Summary of the Transaction

The Agreement contemplates that Troon shareholders will receive 0.69 of a common share and 0.34 of a transferable share purchase warrant (the "Troon Warrants") of the Resulting Issuer for each common share that they own of Troon. Each whole warrant will be exercisable into common shares of the Resulting Issuer at an exercise price of $0.42 per common share for a period of 24 months. The Resulting Issuer will apply to have the warrants listed on the TSX Venture Exchange (the "Exchange"). Grenville shareholders will receive one (1.0) common share of the Resulting Issuer in consideration for each common share of Grenville held by them.

All outstanding stock options of Troon (880,000) will be exchanged for stock options of the Resulting Issuer based on the exchange ratio described above. Each Troon option holder will also receive an additional stock option exercisable for a period of two (2) years at an exercise price of $0.42 per common share in order to reflect similar terms for optionees as are being offered to Troon shareholders through the Troon Warrants. Grenville currently has 357,143 stock options outstanding at a price of $0.028 per share, all of which will be exchanged for stock options of the Resulting Issuer at the same price and on the same terms as the outstanding Grenville stock options. Upon completion of the Transaction, the Resulting Issuer will have 39,288,274 common shares issued and outstanding (50,225,392 common shares on a fully diluted basis).

Troon had approximately $7.5 million in cash as at September 30, which will be combined with Grenville's $3.0 million in investments and cash on closing. No additional financing is currently required or contemplated in connection with the Transaction.

On closing of the Transaction, the board of directors of the Resulting Issuer will be comprised of Steven Parry, who will also act as Chairman, William R. Tharp, who will also act as Chief Executive Officer, Paul De Luca, Catherine McLeod-Seltzer and Andrea Zaradic, (both Ms.
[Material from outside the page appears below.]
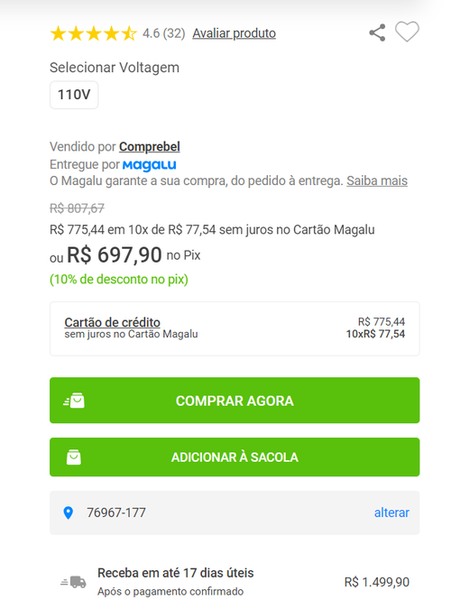 Na shopee tá 804 e tem cupom de 100, sai por 704,divide em 12x sem juros e tem 110 e220v
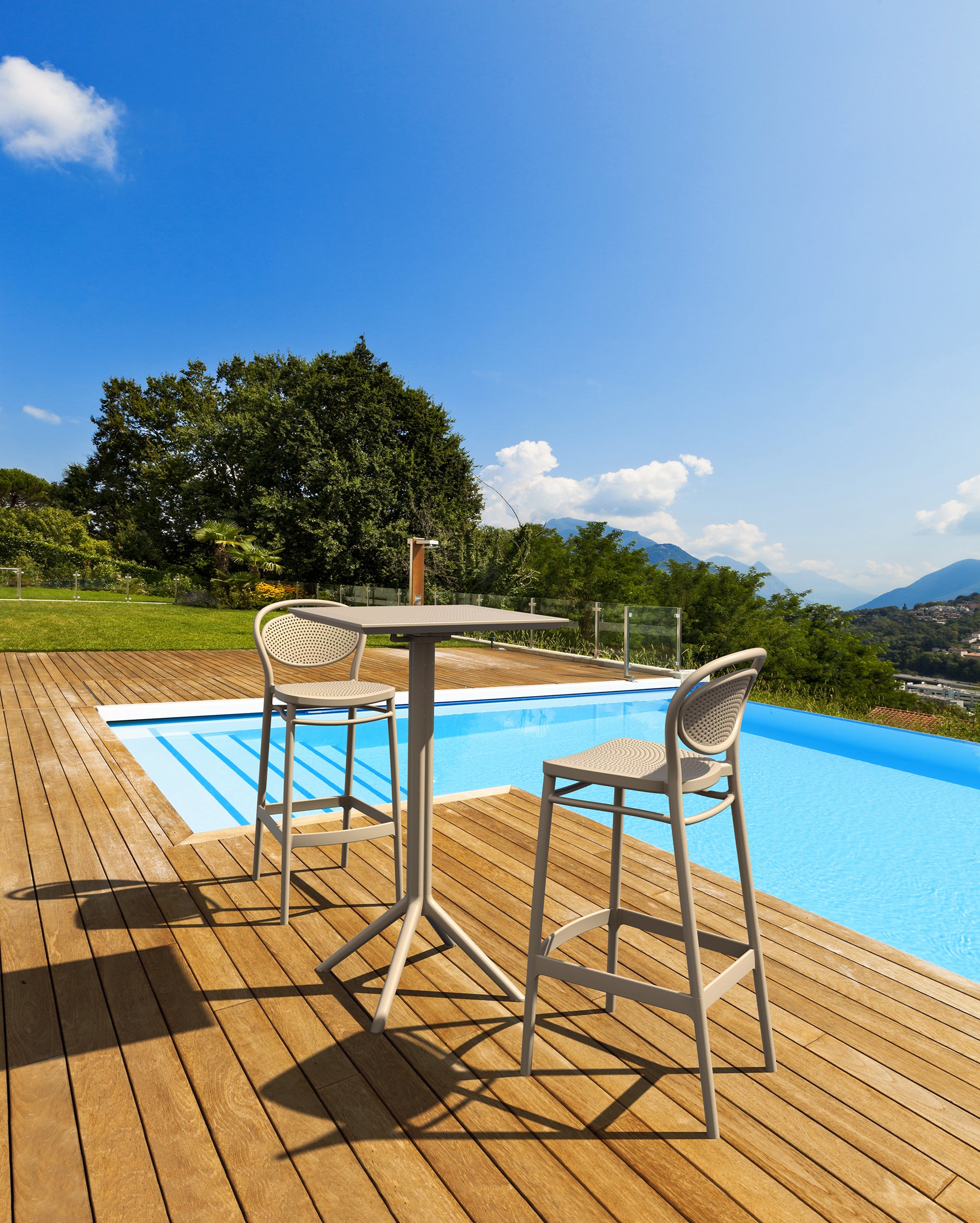 - The Kirra Bar Table is produced with polypropylene reinforced with glass fiber obtained by means of the latest generation of air moulding technology

McLeod-Seltzer and Ms. Zaradic will remain as Troon's representatives on the board). See below for full details on the directors and management.
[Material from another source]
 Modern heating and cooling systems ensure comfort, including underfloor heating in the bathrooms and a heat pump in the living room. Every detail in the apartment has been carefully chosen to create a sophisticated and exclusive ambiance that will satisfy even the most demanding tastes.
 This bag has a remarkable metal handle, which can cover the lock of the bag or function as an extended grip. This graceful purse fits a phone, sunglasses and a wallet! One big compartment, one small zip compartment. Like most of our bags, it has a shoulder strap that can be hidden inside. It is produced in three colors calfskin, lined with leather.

The closing of the Transaction is subject to various conditions, including completion of due diligence, the parties entering into a definitive agreement, obtaining the approval of the shareholders of Troon and Grenville, and obtaining all required regulatory and stock exchange approvals.

A management information circular and proxy materials in respect of the Transaction will be prepared, sent to Troon shareholders and filed in accordance with Exchange policies on SEDAR at www.sedar.com. A press release will be issued by Troon once the information circular is filed.

Information on Grenville Strategic Royalty Corp.

Grenville is a private, Toronto-based company that was formed by William Tharp and Steven Parry to purchase royalties in the revenue stream generated by growing industrial and technology businesses. Grenville has identified a large and underserviced finance market for companies generating between $10 and $50 million in revenue, many of which are well managed and generating improving cash flow, but face difficult financing hurdles from traditional debt and equity markets. The royalty financing structure offered by Grenville can bridge the financing needs of these companies until traditional debt and equity is available to them on more attractive commercial terms. In some cases the Grenville royalty may act as a lead order in combination with other forms of financing. Grenville's royalty financing structure is non- dilutive and better aligned with management in terms of growth, a model that has proven to be very successful in the mining industry and which Troon's management and board is very experienced.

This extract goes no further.